**WHAT IS EXPECTED:**
Lines from the one containing "闭门器TS68。它可广泛应用" through the last line of the data are to be returned exactly, both ends included, minus any pictures.

Stored items:
§
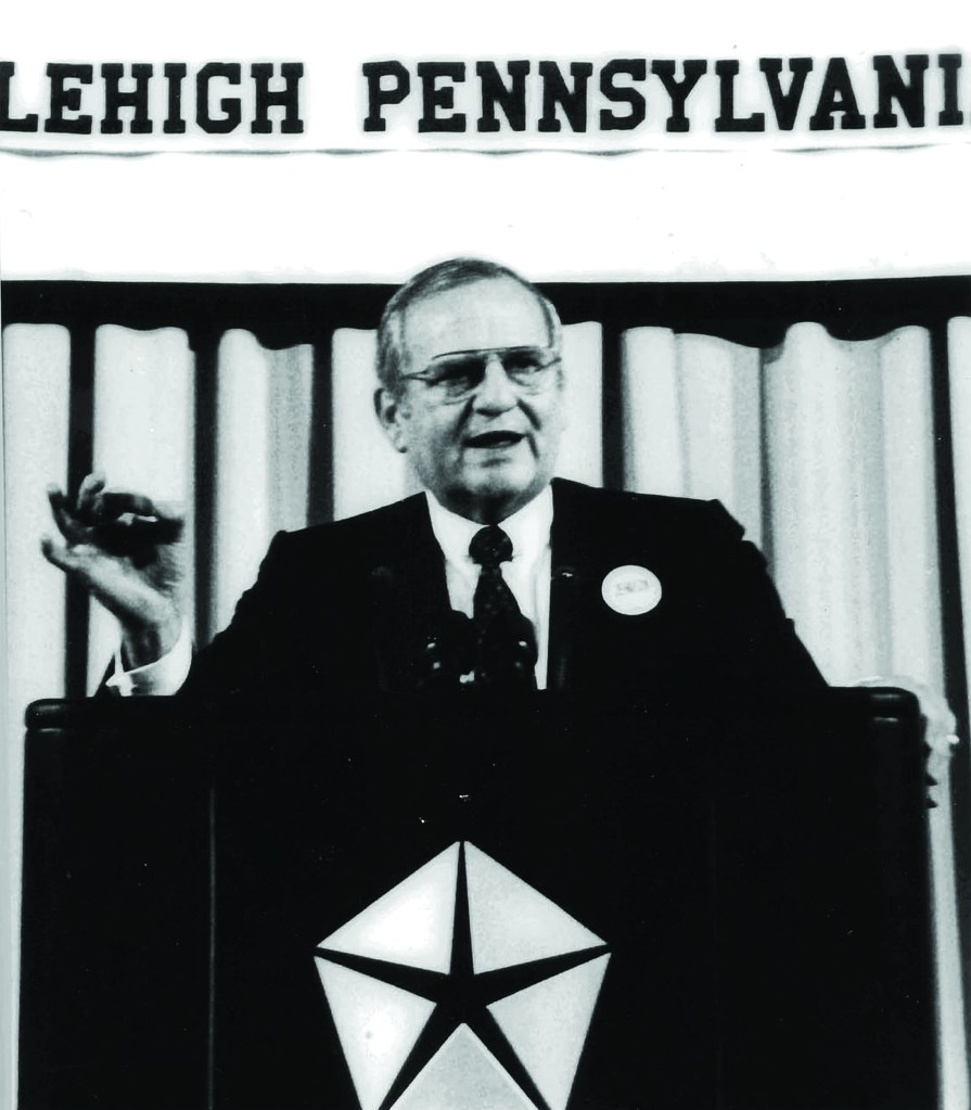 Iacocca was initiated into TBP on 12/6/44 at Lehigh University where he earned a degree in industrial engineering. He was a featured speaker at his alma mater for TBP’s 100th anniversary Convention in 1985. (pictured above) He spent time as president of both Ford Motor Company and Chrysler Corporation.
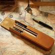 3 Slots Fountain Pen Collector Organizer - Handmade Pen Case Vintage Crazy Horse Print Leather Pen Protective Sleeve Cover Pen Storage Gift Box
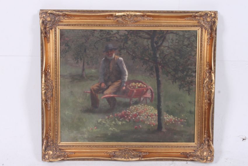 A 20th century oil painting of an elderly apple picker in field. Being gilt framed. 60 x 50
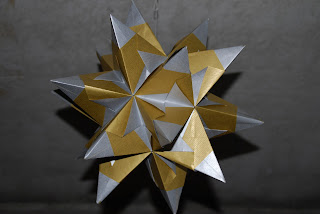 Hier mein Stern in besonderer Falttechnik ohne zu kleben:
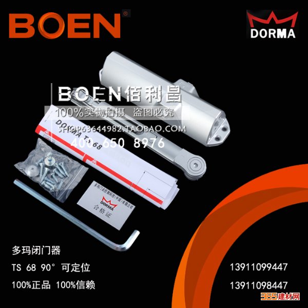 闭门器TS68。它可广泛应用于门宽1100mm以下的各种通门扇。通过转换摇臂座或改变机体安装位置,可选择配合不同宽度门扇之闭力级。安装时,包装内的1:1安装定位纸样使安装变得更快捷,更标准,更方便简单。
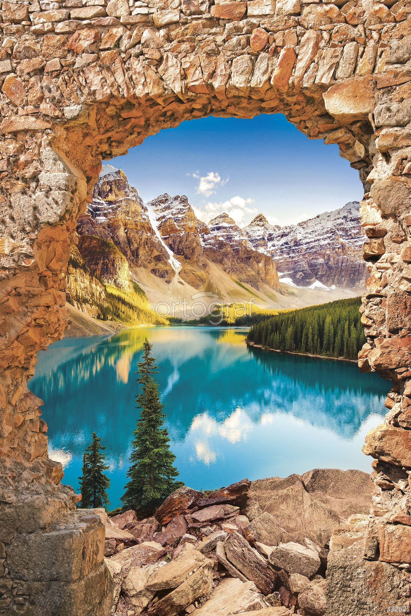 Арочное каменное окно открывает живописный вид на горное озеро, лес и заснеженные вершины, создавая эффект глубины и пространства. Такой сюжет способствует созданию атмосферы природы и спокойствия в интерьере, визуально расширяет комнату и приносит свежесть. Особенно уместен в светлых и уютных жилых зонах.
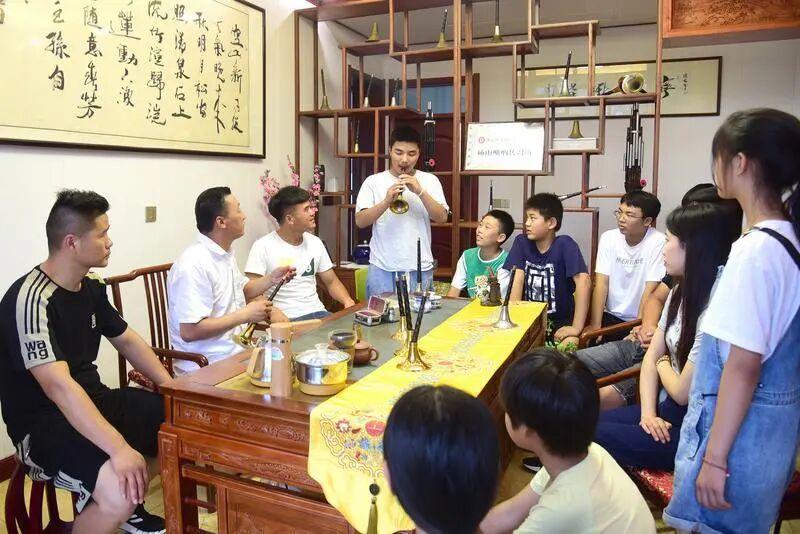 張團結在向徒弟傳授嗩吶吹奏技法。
§
**TASK ANSWER:**
 闭门器TS68。它可广泛应用于门宽1100mm以下的各种通门扇。通过转换摇臂座或改变机体安装位置,可选择配合不同宽度门扇之闭力级。安装时,包装内的1:1安装定位纸样使安装变得更快捷,更标准,更方便简单。
 Арочное каменное окно открывает живописный вид на горное озеро, лес и заснеженные вершины, создавая эффект глубины и пространства. Такой сюжет способствует созданию атмосферы природы и спокойствия в интерьере, визуально расширяет комнату и приносит свежесть. Особенно уместен в светлых и уютных жилых зонах.
 張團結在向徒弟傳授嗩吶吹奏技法。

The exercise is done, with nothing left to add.